2. The method of claim 1 , wherein the user-device alternates between performing an act of attempting to connect with its determined best serving base station and skipping the act of attempting to connect with its best serving base station as the user-device traverses cells within the mobile network.
3. The method of claim 1 , further comprising responsive to skipping the act of determining the new best serving base station within the second cell, performing an interference cancellation routine to compensate for interference from the second base station within the second cell of the mobile network.
4. The method of claim 1 , further comprising detecting a speed of the user-device, wherein the act of skipping a determination of the new best serving base station is triggered by the detected speed of the user-device.
5. The method of claim 4, wherein for a defined threshold value, the act of skipping a determination of the new best serving base station within the second cell is triggered by the detected speed being greater than the defined threshold value.
6. The method of claim 1 , further comprising determining a current base station intensity, wherein the act of skipping a determination of the new best serving base station is triggered by at least the determined base station intensity.
7. The method of claim 6, wherein for a defined threshold value, the act of skipping a determination of the new best serving base station within the second cell is triggered by the base station intensity being greater than the defined threshold value.
8. The method of claim 1 , wherein the mobile network comprises a cellular network.
9. The method of claim 1 , wherein the mobile network comprises a wireless local area network.
10. An apparatus comprising:
a processor;
a transceiver configured to communicate with a mobile network; and a communication link handover routine executed by the processor to:
establish a connection with a best serving base station in a first cell of
the mobile network, wherein the best serving base station in the first cell is a first base station;
after relocating to a second cell of the mobile network, maintain the connection with the first base station in the first cell by skipping connecting with a best serving base station in the second cell; and
after relocating to a third cell of the mobile network, establish a connection to a best serving base station in the third cell of the mobile network.
11. The apparatus of claim 10, wherein the apparatus alternates between establishing a connection with best serving base station and skipping establishing the connection with the best serving base station as the user-device travels across cells within the mobile network.
12. The apparatus of claim 10, wherein the communication link handover routine is programmed to determine a current base station intensity, wherein the act of skipping connecting with the best serving base station in the second cell is triggered by at least the determined base station intensity, wherein for a defined threshold value, the act of skipping a connecting with the best serving base station in the second cell is triggered by the base station intensity being greater than the defined threshold value.
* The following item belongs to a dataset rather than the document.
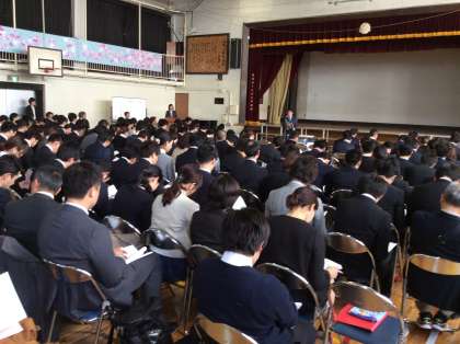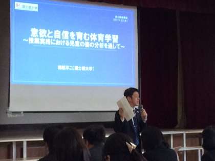 世田谷区に勤務する先生の中で、体育科を研究している200名を超える先生たちが山野小に集まっています。先生たちもしっかり勉強しています。
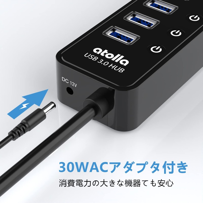 The atolla USB Hub with Power offers 10 external USB 3.0 expansion ports to easily connect up to 10 USB devices such as keyboards, mice, printers, flash drives, etc.

13. The apparatus of claim 10, wherein the communication link handover routine is programmed to responsive to skipping connecting with the best serving base station in the second cell, performing an interference cancellation routine to compensate for interference from the best serving base station in the second cell of the mobile network.
14. The apparatus of claim 10, wherein the communication link handover routine is programmed to detect a speed of the apparatus, wherein the act of skipping connecting with the best serving base station in the second cell is triggered by the detected speed of the apparatus.
15. The apparatus of claim 14, wherein for a defined threshold value, the act of skipping connecting with the best serving base station in the second cell is triggered by the detected speed being greater than the defined threshold value.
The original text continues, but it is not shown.